# What if there was no Euro



## Purple (15 Nov 2010)

If there was no Euro what would the political climate within the EU be like now, i.e. what political problems would we be facing?

Would the Germans still be bailing us out?

Would the IMF already be here?


----------



## Towger (15 Nov 2010)

Nope.

There would have been no access to cheap money/control of interest rates, plus we could devalue if if come to it.


----------



## Purple (15 Nov 2010)

I thought cheap credit was a world-wide problem. Why would we not have had access to it?


----------



## Howitzer (15 Nov 2010)

Towger said:


> Nope.
> 
> There would have been no access to cheap money/control of interest rates, plus we could devalue if if come to it.


I'm trying to nail this truism. Cheap credit wasn't a function of being in the Eurozone - it was Govt policy.

The Central Bank may not have dictated base rates but it was completely within the gift of the Govt of the day to ensure mortgage rates and loan availability were set at a more resticted level.

There is no reason atall why they couldn't have imposed a levy on all mortgages drawn down and modified that levy as needed, so when rates were at 3% the cheapest mortgage could not have been less than 4.5%.

The EXACT OPPOSITE was what happened. Mortgage Interest Relief was increased, doubled then doubled again, to the point where the mortgage @3% only cost the borrower approxiamtely 2%.

There could have been restictions imposed on the market. No 100% loans. A maximum term of 30 years. No Interest Only loans.

This was not caused by someone else, it was home brewed.


----------



## Chris (16 Nov 2010)

Towger said:


> Nope.
> 
> There would have been no access to cheap money/control of interest rates, plus we could devalue if if come to it.


Of course cheap credit would have been available.

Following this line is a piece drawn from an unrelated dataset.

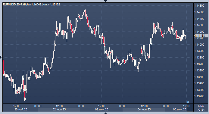 Слабые экономические данные и неопределенность в торговле оказывают давление на доллар. Евро стабилен в преддверии ожидаемого снижения ставки ЕЦБ. Инвесторы ждут звонка Трампа и Си, торговых соглашений. Слабость доллара сохранится — опрос Reuters График евро/доллара интервалами в 30 минут В преддверии ожидаемого снижения процентной ставки Европейским центральным банком в четверг, евро стабилизировался вблизи шестинедельного максимума по отношению к доллару. В то же время американская валюта немного восстановилась после падения, вызванного данными, которые вновь вызвали опасения по поводу медленного роста и высокой инфляции. Данные, опубликованные в среду, показали, что в мае сектор услуг США сократился впервые за почти год, а также ослабление рынка труда. Это привело к росту цен на казначейские облигации и увеличению вероятности дальнейшего снижения ставок Федеральной резервной системой в этом году. «Большую часть недели мы оставались в относительно узких диапазонах... вчера доллар осл
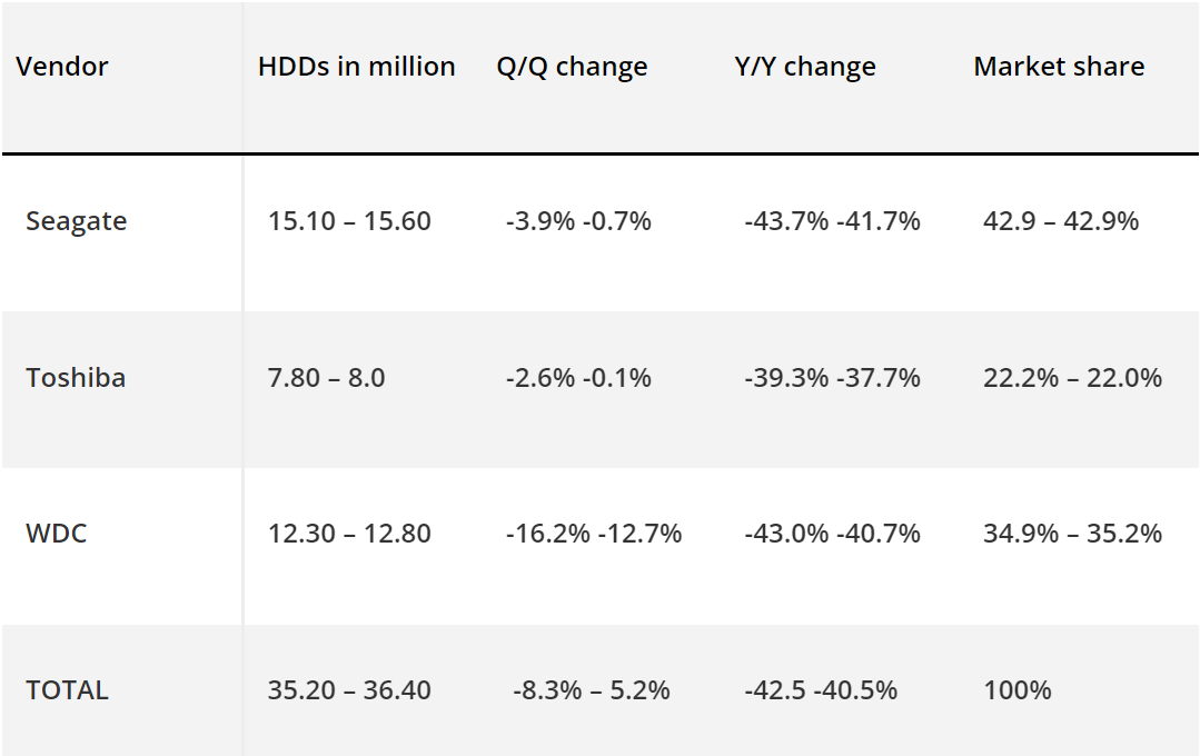 Лидером рынка остаётся компания Seagate, которая отгрузила в прошлом году примерно 15,1-15,6 миллионов жёстких дисков. Это на 41,7-43,7% меньше, чем годом ранее. Второе место принадлежит Western Digital — за 2022 год она поставила в районе 12,3-12,8 миллионов HDD (-40,7-43,0% относительно 2021-го), а корпорация Toshiba завершила прошлый год с показателем около 7,8-8,0 миллионов устройств (-37,7-39,3%).

Do you think that any Irish politician or central banker would have advocated anything other than increasing the money supply and reducing itnerest rates in line with the UK, US and other EU members?



Howitzer said:


> I'm trying to nail this truism. Cheap credit wasn't a function of being in the Eurozone - it was Govt policy.
> 
> The Central Bank may not have dictated base rates but it was completely within the gift of the Govt of the day to ensure mortgage rates and loan availability were set at a more resticted level.
> 
> ...



Interesting points, but I think it was the actions of commision rather than omission that were at the center of government's fault in this mess. It was all the ever increasing tax reliefs, reduced stam duties that really fueled the property market. Add to that all the extra money that flooded the market at rediculously low interest rates. As already stated, while Ireland could have increased interest rates and kept money supply level if it had not joined the euro, no such thing would have been done.


----------



## joe sod (24 Nov 2010)

"I'm trying to nail this truism. Cheap credit wasn't a function of being in the Eurozone - it was Govt policy."


but only made possible by euro membership. There is no way ireland would have been lent so much money if outside the euro. If you think we would have been lent the money anyway why is all the money we owe owed to european banks and pension funds and virtually none outside of this. 
Even if we had of been lent the money anyway we could have simply defaulted like iceland and had the sharp adjustment rather than the long drawn out stagnation we now have


----------